More than nine out of 10 Chinese enterprises also prefer a centralized, company-wide mobile strategy and governance to guide longer-term investment but prefer to deploy in-business units that will realize the most immediate value and demonstrate early success - for instance in sales or in the field force. In short, Chinese companies are showing the highest business enthusiasm toward mobility in the world, with a strong desire to equip their workforce with mobile devices and a mobile experience that have the highest impact.
Why? The reason is historical but simple: Small devices have become very, very big. The last groundswell this huge was in the late 1990s and it was called the Web.

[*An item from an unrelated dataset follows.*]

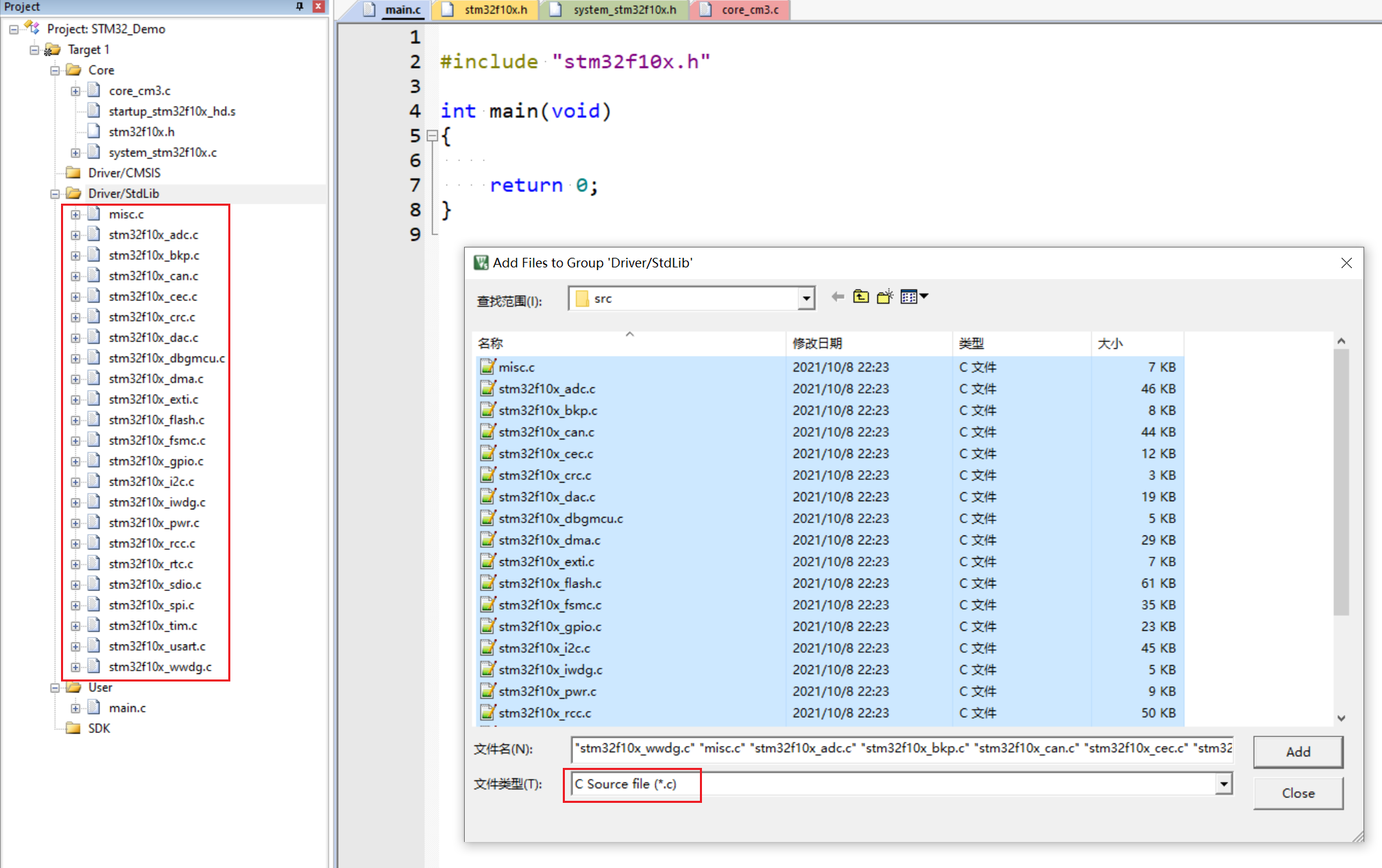 将 标准库源文件添加到 Driver/StdLib Group。注意:下图文件类型要选择 C Source file(*.c)。

Indeed, according to our survey, 90 percent of the Chinese chief information officers said that mobility would affect their business as much as or more than the Web did. The number was significantly higher than 73 percent globally.
Given the enormous market size and population, Chinese enterprises cannot afford to lose the opportunity that mobility provides in the country - to increase their customer base, earn more and leapfrog their global peers. Our survey found that Chinese chief information officers are keen to experiment with mobile technology to discover new solutions for customers and employees. Among them, we see a higher level of investment in trials of mobility technology in China compared with other countries on average (33 percent for China, 30 percent globally), which suggests Chinese enterprises are testing the potential benefits of increased efficiency, reduced costs and new revenue streams.

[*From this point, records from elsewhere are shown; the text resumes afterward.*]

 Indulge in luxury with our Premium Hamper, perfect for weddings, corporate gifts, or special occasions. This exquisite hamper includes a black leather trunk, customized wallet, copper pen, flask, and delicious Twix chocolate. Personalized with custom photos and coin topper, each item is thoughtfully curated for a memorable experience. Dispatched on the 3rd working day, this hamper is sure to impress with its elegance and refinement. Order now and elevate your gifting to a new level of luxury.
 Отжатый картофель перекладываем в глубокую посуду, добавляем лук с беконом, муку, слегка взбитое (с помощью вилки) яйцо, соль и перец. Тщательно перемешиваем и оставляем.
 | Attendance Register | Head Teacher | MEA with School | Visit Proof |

Much more than their global peers, chief information officers of Chinese business-to-consumer enterprises include targeted promotions, social sharing and access to content for customers as features in their mobility strategies. Looking at the enterprise side, Chinese chief information officers include features such as mobile-device management, collaboration and knowledge-sharing in their mobility strategies to a larger extent than the average chief information officer globally.

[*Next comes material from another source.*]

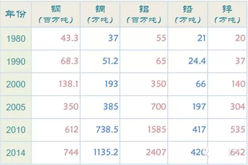 銅是被廣泛應用在電力、家電、機械、建筑、交通、電子通訊等領(lǐng)域。2014年中國銅儲量3000萬噸,產(chǎn)量162萬噸,消費1135萬噸。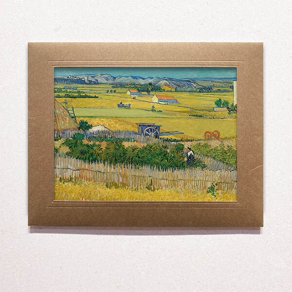 ※ 牛皮紙框包裝設計,可直接懸掛或立於桌上展示,附贈精美書卡,背面提供畫框使用說明。

However, Chinese enterprises must overcome a number of challenges before realizing the full efficiency, cost, or revenue potential that a mobility-enabled business brings, including allocating mobility budgets to the highest-priority initiatives, deploying applications that have a big visual impact to attract and retain customers and strengthening the governance of the mobility strategy across business units.
Companies are rightly giving priority to high-value initiatives in select functional areas. For instance, we see sales units launching tablet-based sales toolkits to unleash the sales force, or executive suites deploying mobile management dashboards. However, if attention is not focused on a unified platform to support the strategy, the value propositions of new technology adoption will slow down because of disparate tools, data repositories and governance processes. That will mean extra costs and effort later to get the most from mobility technology and the strategic outcome.
We are also seeing the silo effect in other cases, where economics and mobility are disconnected in Chinese enterprises. Their projects aimed at reducing costs and improving efficiency remain largely traditional and are undervaluing the additional, and sometimes substantial, supply chain, field service and office automation benefits that can be enabled by mobile technologies.
To highlight the disparity of China versus other nations, our findings show that Chinese enterprises are lagging behind when it comes to creating customer-facing applications - those that drive revenue through customer engagement or transactions - and developing new mobility-focused marketing channels.